Layar Putar dan Mimpi Ponsel yang Bisa Digulung
Keberanian LG mencapai puncaknya saat mereka merilis LG Wing. Dengan layar utama yang bisa berputar membentuk huruf ‘T’, LG menawarkan cara multitasking yang belum pernah terpikirkan sebelumnya. Meski sempat di pandang sebelah mata, konsep penggunaan dua layar secara simultan ini kini menjadi jiwa bagi perangkat foldable modern.
Bukan hanya itu, dunia sempat menaruh harapan besar pada LG Rollable. Teknologi ini menawarkan layar yang bisa melebar tanpa meninggalkan bekas lipatan sebuah solusi elegan untuk masalah “kerutan” yang hingga kini masih menghantui ponsel lipat produksi merek lain.
“LG di kenal sebagai salah satu produsen yang tidak takut bereksperimen,” tulis laporan dari GSM Arena. Sayangnya, eksperimen tersebut seringkali meluncur sebelum ekosistem aplikasi siap mendukungnya.
Warisan Audio dan Kamera yang Melampaui Zaman
Bagi penikmat audio, seri LG V adalah legenda. Lewat fitur Quad DAC, LG menyulap ponsel menjadi pemutar musik berkualitas studio yang sulit di cari tandingannya, bahkan oleh flagship paling mahal sekalipun saat ini.

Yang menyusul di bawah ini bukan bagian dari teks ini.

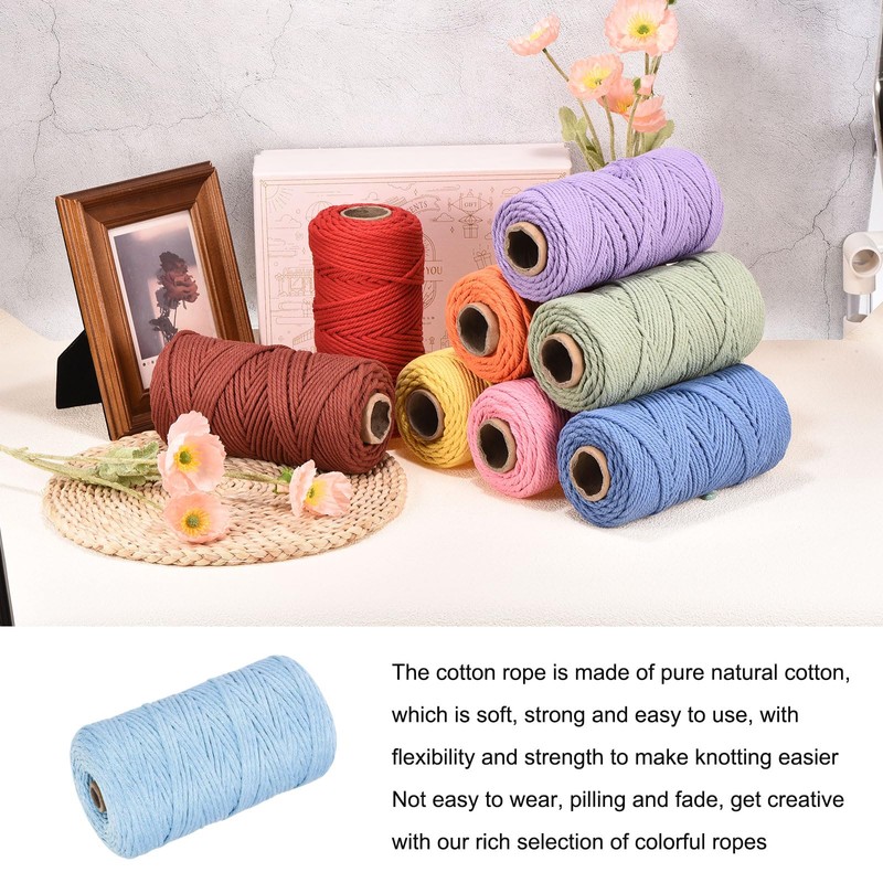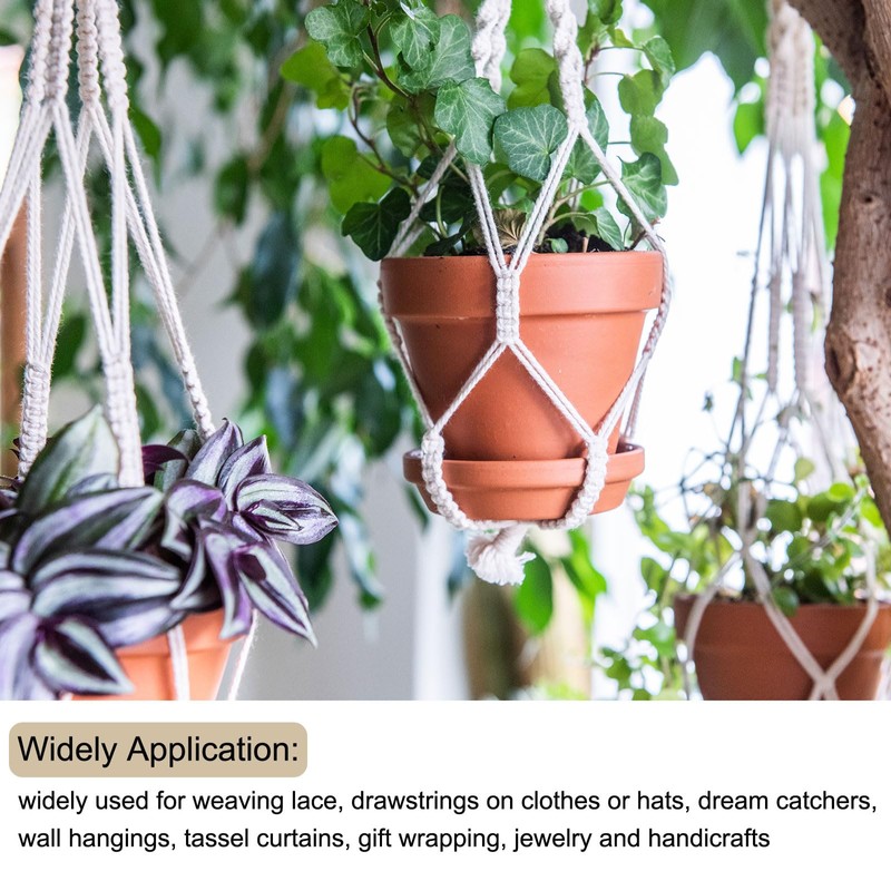 - 3-[Wide Application]: Macrame cord has a wide range of applications, such as: stringing photos together to make photo wall hangings and Have fun hand-knitting with family and friends. cotton rope can also be used for curtain cords, wall hangings, macrame plant hangers, keychains, small storage baskets, gift box packaging, clothing decoration and home decoration.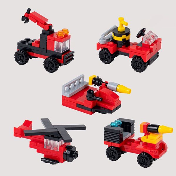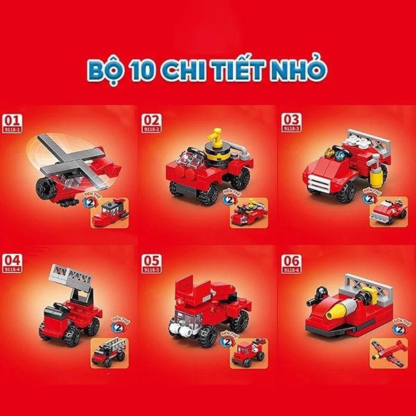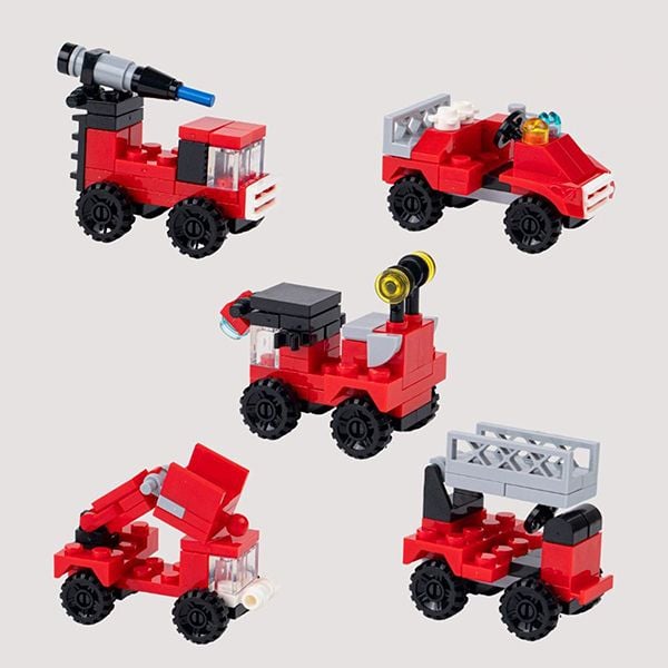 - Để nâng cấp sức mạnh của bộ 10 phương tiện cứu hộ và cứu hỏa chuyên dụng, bé có thể lắp ghép và thử sức sáng tạo bằng cách kết hợp và lắp ghép các xe nhỏ trở thành phương tiện cứu hỏa cứu hộ đa năng với 323 miếng ghép.

Di sektor fotografi, LG adalah pemain pertama yang mempopulerkan lensa ultra-wide. Dulu, mengambil foto dengan sudut pandang luas dianggap sebagai fitur tambahan semata. Kini? Hampir mustahil menemukan ponsel kelas menengah hingga atas yang tidak memiliki lensa tersebut. Begitu pula dengan aspek rasio layar 18:9 pada LG G6, yang kini menjadi standar baku desain ponsel memanjang agar nyaman digenggam.

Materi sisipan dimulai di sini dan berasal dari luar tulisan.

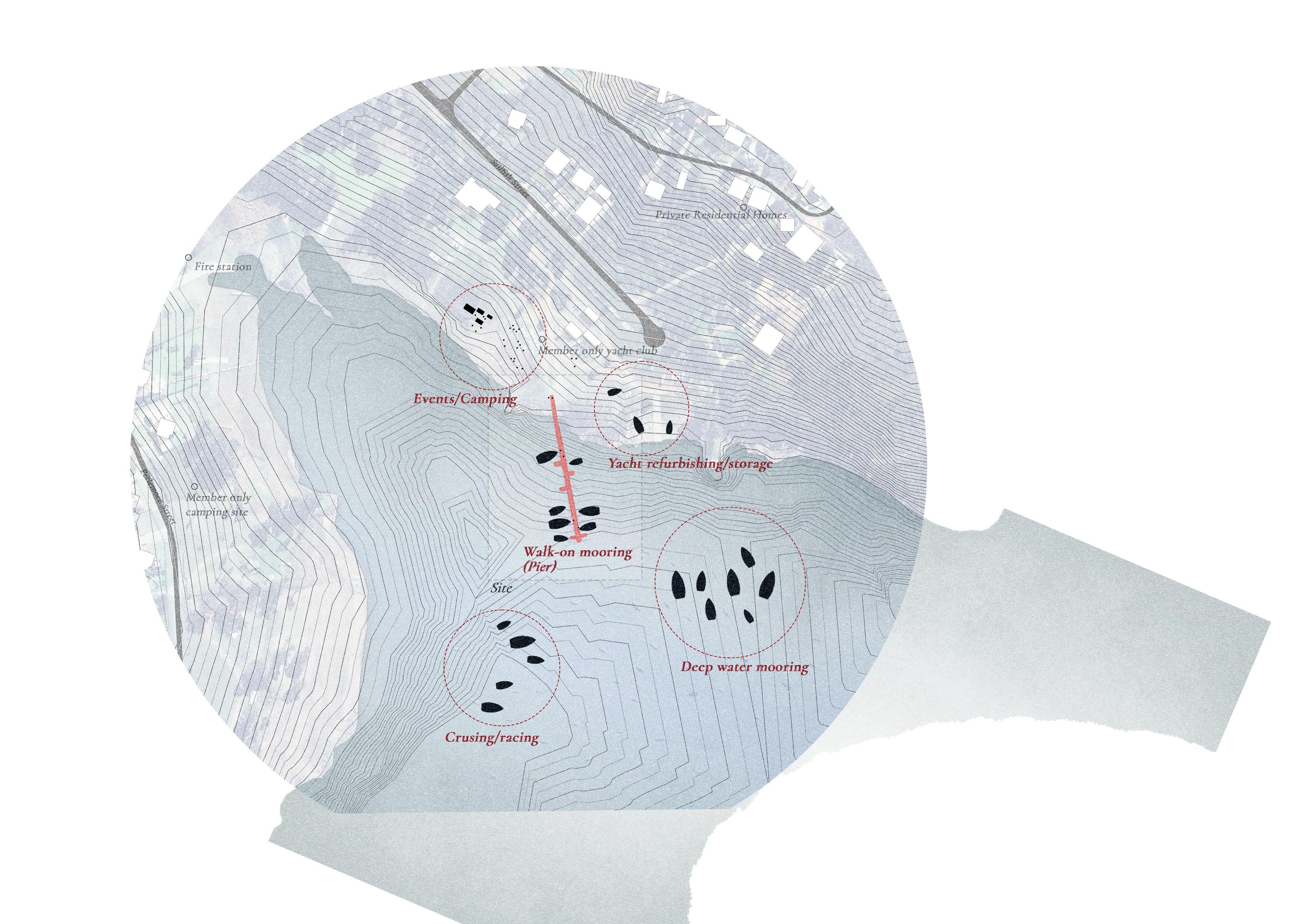 Initial considerations and potential design challenges arose from the concept of removing the current programs existing on my chosen site. As the existing Yacht club provides current members with storage for their boats, spaces for events and camping, sailboat racing and other family activities, I had to consider either completely removing the current uses of the site for my intervention, or adapting the existing programs and combining them within the design of the new pier. Ultimately designing a space that is multi-use, and adjusts to the needs of the entire community.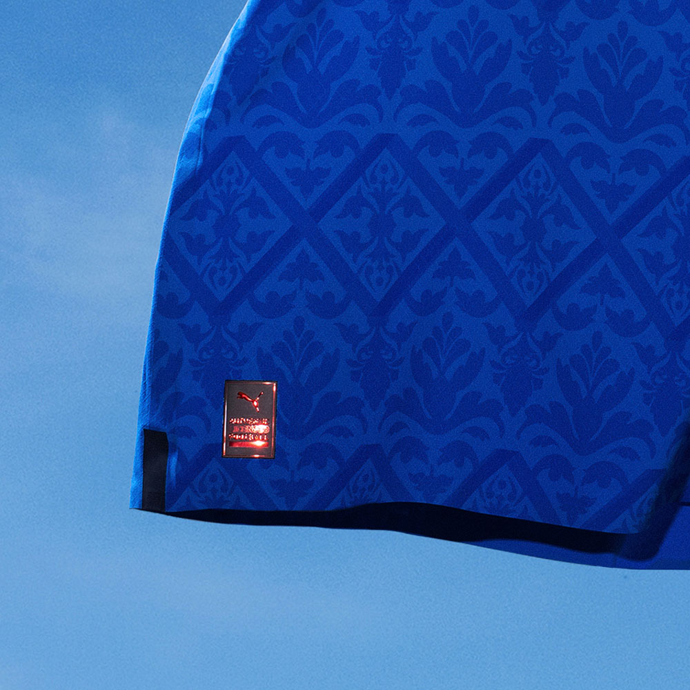 The woven fabric features a two-dimensional ripstop structure that ensures resistance while improving player movement and radically reducing weight. A further decrease in weight is achieved thanks to a pattern made specifically to reduce the number of panels, from 4-8 in the conventional design to two main panels, thus also reducing the number of seams and stitches inside the shirt. In addition, the ULTRAWEAVE jersey features a new printing technique for team and federation badges and the PUMA logo, which is lighter and more breathable than traditional transfers.
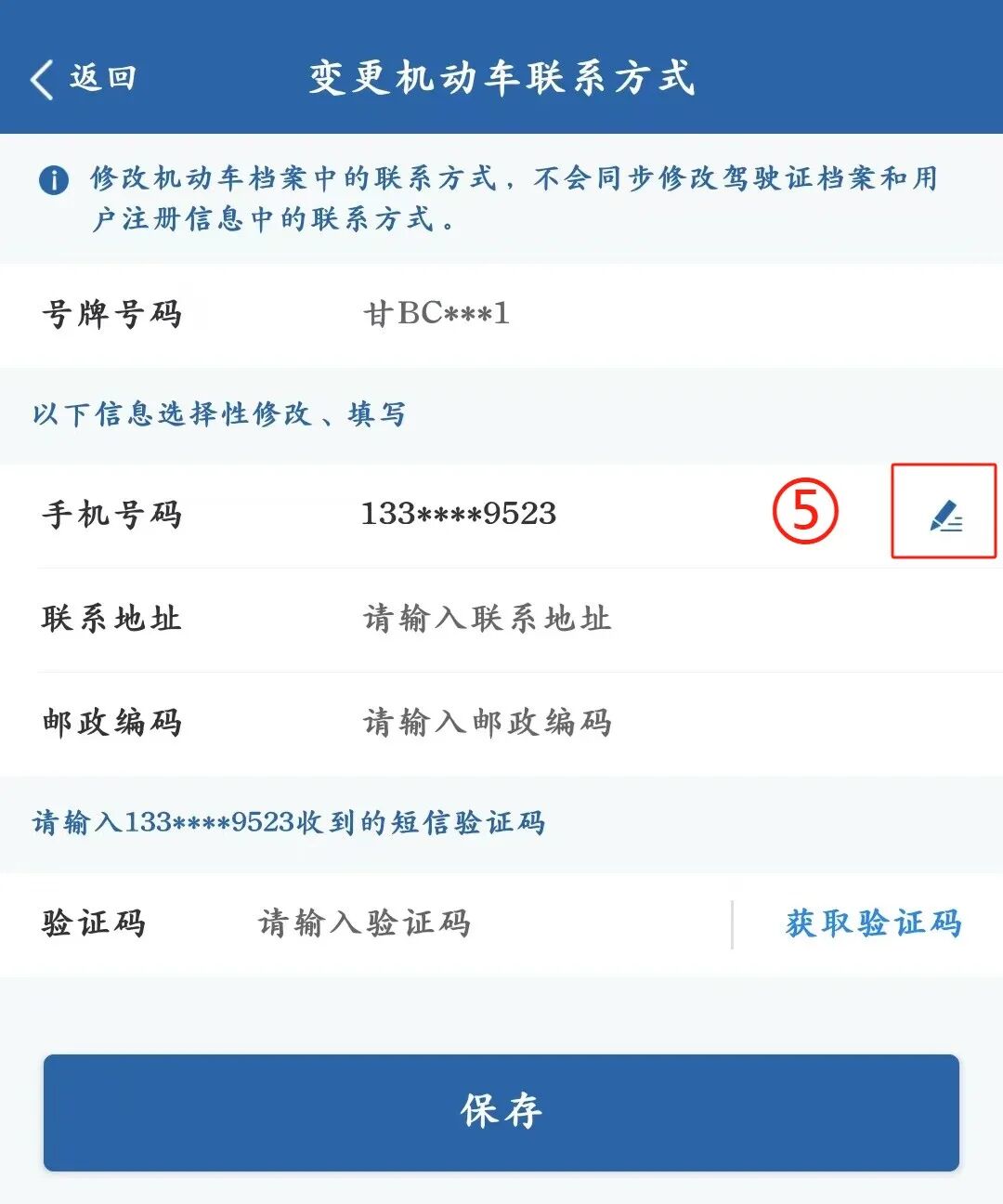 ⑤进入变更机动车联系方式页面,再次点击变更机动车联系方式页面中的“画笔”按钮。

Mengapa LG Gagal Bertahan?
Inovasi brilian saja terbukti tidak cukup untuk memenangkan pasar. LG harus menghadapi realita pahit akibat beberapa faktor krusial:
-
Dukungan Perangkat Lunak: Pembaruan sistem operasi yang lamban membuat pengguna setia perlahan berpaling.
-
Strategi Harga: Seringkali produk eksperimental mereka dibanderol dengan harga yang kurang kompetitif di bandingkan kompetitor asal Tiongkok.
-
Pemasaran yang Lemah: Pesan inovasi yang ingin di sampaikan kerap gagal terserap oleh konsumen awam.
Pasca resmi berhenti beroperasi pada 2021, LG tetap memberikan dukungan terbatas hingga akhirnya seluruh layanan pembaruan di hentikan total pada 2025.

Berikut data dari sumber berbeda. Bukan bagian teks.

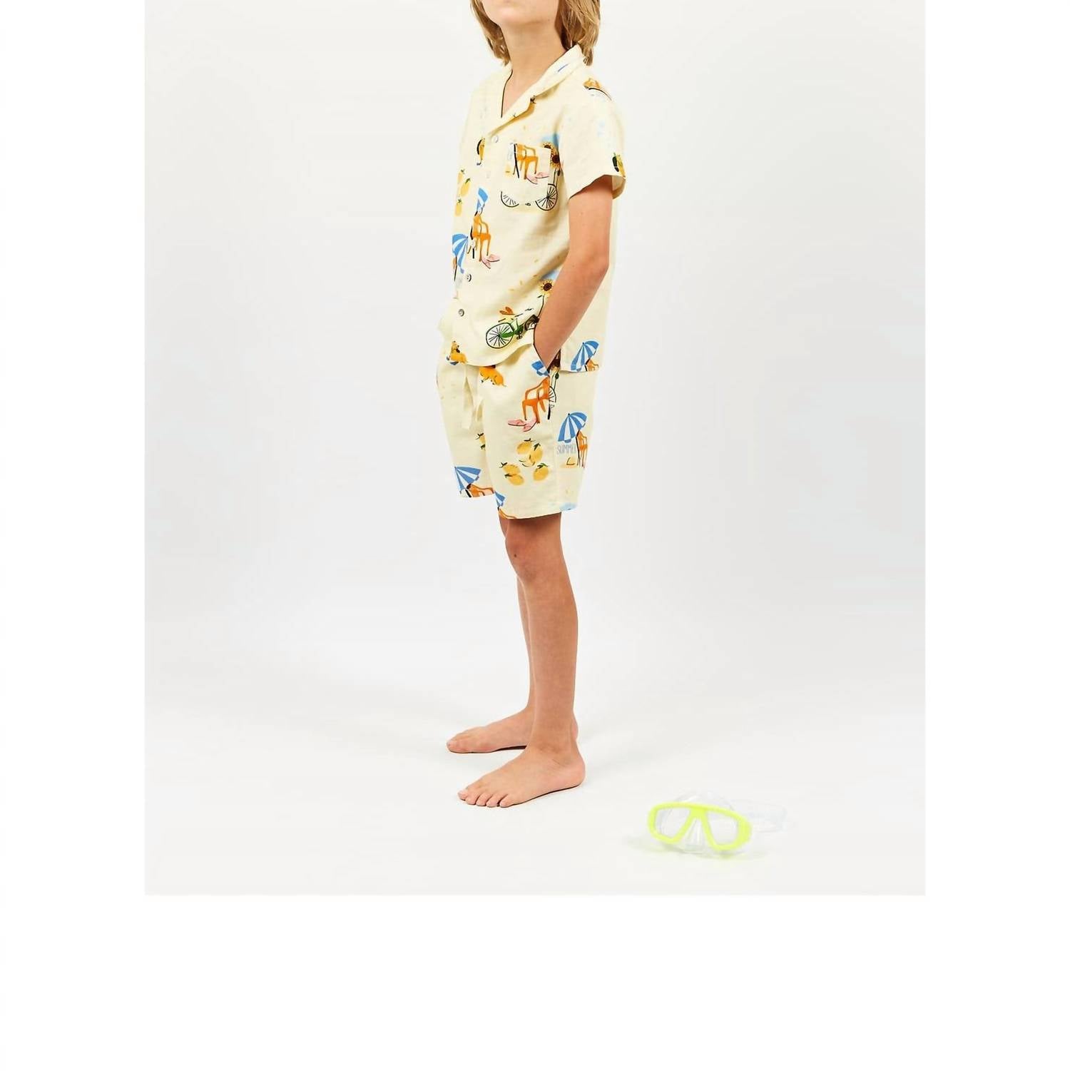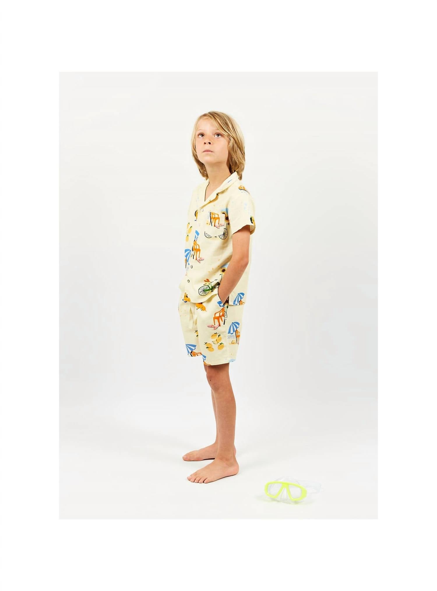 Introducing the Kid's Boy Bermuda Summer Shorts by Arsene et les Pipelettes, a vibrant yellow pair crafted for the little adventurer. Made from durable yet breathable twill, these shorts boast a playful graphic pattern perfect for adding a pop of color to your child's summer wardrobe. Featuring an elasticated waistband with a drawstring for a secure fit, along with convenient slit pockets and a stylish welt pocket at the back. Care is a breeze with machine wash and tumble dry instructions, making them a practical choice for active boys.

Tips: Memilih Smartphone Inovatif di Tahun 2026
Bagi Anda yang merindukan semangat inovasi ala LG, berikut beberapa hal yang perlu di perhatikan saat memilih ponsel dengan teknologi baru saat ini:
-
Cek Dukungan Software: Pastikan produsen menjamin pembaruan OS minimal 4-5 tahun agar investasi Anda tidak sia-sia.
-
Kesiapan Ekosistem: Teknologi canggih (seperti layar lipat) hanya akan berguna jika aplikasi yang sering Anda gunakan sudah teroptimasi dengan baik.
-
Kualitas Audio: Jika Anda audiophile, carilah perangkat yang masih mendukung codec audio resolusi tinggi atau gunakan DAC eksternal untuk menggantikan peran Quad DAC LG yang hilang.
Meski secara bisnis LG gagal bertahan, sejarah mencatat mereka sebagai pemberani yang mempercepat evolusi teknologi di tangan kita hari ini. Tanpa kegagalan LG Wing atau Rollable, mungkin industri smartphone saat ini akan terasa jauh lebih membosankan.